In the expansion of (x+y)^n the coefficient of x^4y^(n-4) is 3,876 and the coefficient of x^5y^(n-5) is 11,628. Find the coefficient of x^5y^(n-4) in the expansion of (x+y)^(n+1). What is the value of n?

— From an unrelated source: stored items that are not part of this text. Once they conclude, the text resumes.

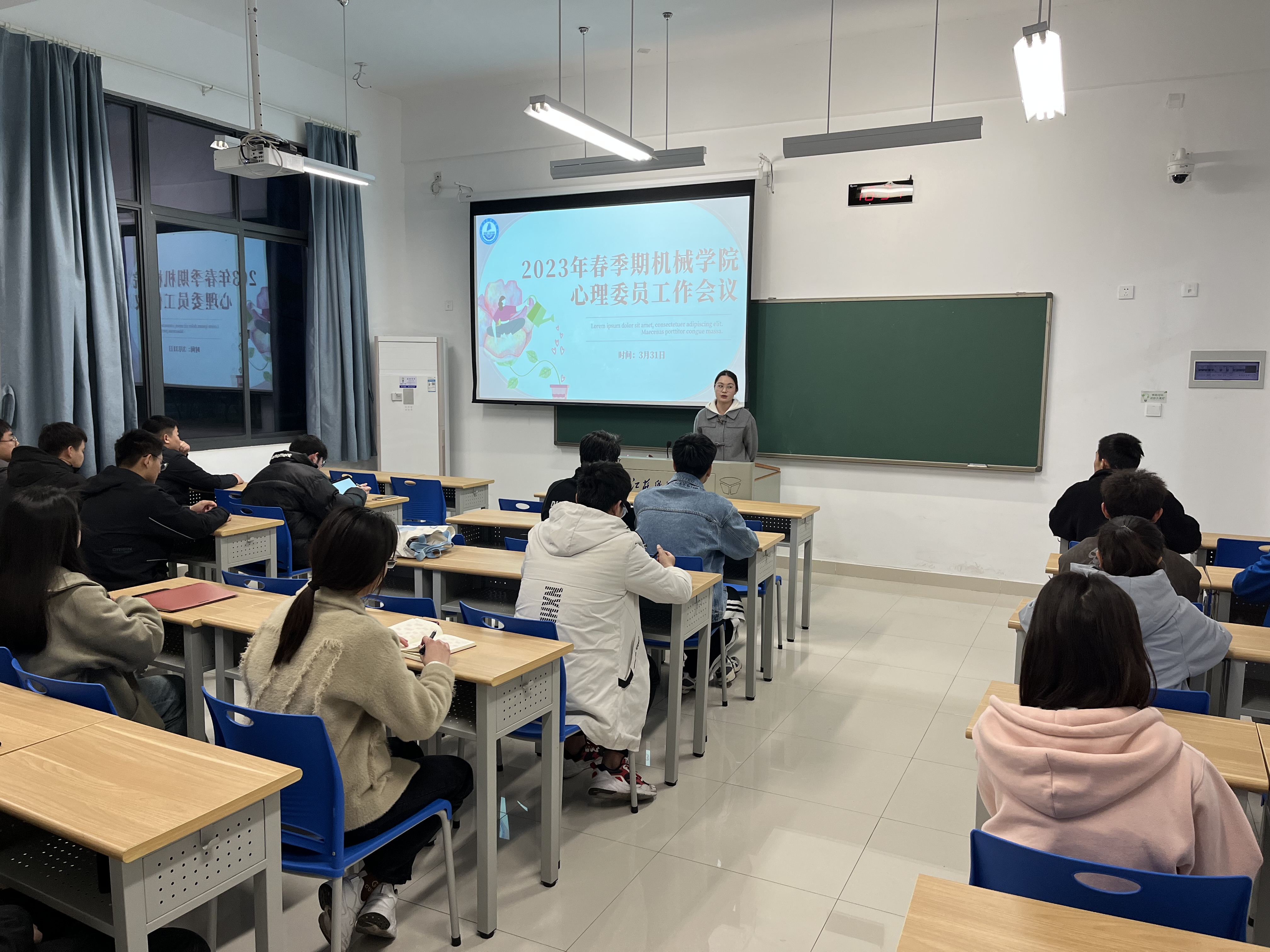 为更好地把握本科生春季期心理动态,有序推进牛彩网 心理健康教育工作,充分发挥心理委员的桥梁纽带作用,机械工程牛彩网 于3月31下午日在经世楼104召开2023年春季学期心理委员工作会议。会议由心理辅导员谭静主持,机械工程牛彩网 全体心理委员参加会议。
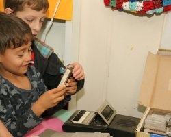 A atividade integrou o projeto No tempo dos meus bisavós, que acontece até a próxima sexta-feira, dia 29/09. Além de ouvirem histórias, eles apreciaram uma exposição com objetos antigos, tudo para que possam conhecer melhor o que era utilizado pelos seus pais, avós e bisavós.
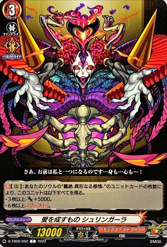 【永】【(R)】:あなたのソウルの“轟絶-異形なる感情-”のユニットカードの枚数により、このユニットは以下すべてを得る。・3枚以上-パワー+5000。・6枚以上-『ブースト』。
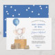 Um chá de fraldas por correio é perfeito para aqueles que vivem uma longa distância dos entes queridos, mas ainda querem chá para que os pais estejam com amor e presentes para se prepararem para a chegada do seu bebê. Este longo Chá de fraldas à distância por convite por correio apresenta um elefante a aquarela com um balão azul sentado numa pilha de caixas de envio. Personalize com suas informações ou clique em "Clique para personalizar mais" para editar estilos de fonte, tamanho e cores.
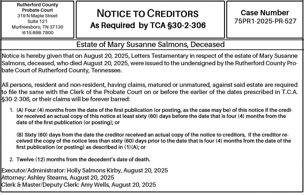 Notice is hereby given that on August 20, 2025, Letters Testamentary in respect of the estate of Mary Susanne Salmons, deceased, who died August 20, 2025, were issued to the undersigned by the Rutherford County Probate Court of Rutherford County, Tennessee.

**Ridley** · January 5th 2012, 03:20 PM

Each coefficient can be calculated as follows: $a_i=\frac{n!}{i!(n-i)!}$

$a_4=\frac{n!}{4!(n-4)!}=3876 \Leftrightarrow n! = 3876 \cdot 4! \cdot (n-4)!$ (1)
$a_5=\frac{n!}{5!(n-5)!}=11628 \Leftrightarrow n! = 11628 \cdot 5! \cdot (n-5)!$ (2)

Combine (1) and (2):
$3876 \cdot 4! \cdot (n-4)! = 11628 \cdot 5! \cdot (n-5)! \Leftrightarrow n-4 = \frac{11628 \cdot 5!}{3876 \cdot 4!}$

**kangta27** · January 5th 2012, 03:39 PM

Thank you so much Ridley! My only question is, what happened to the (n-4)! and (n-5)! when you combined (1) and (2)?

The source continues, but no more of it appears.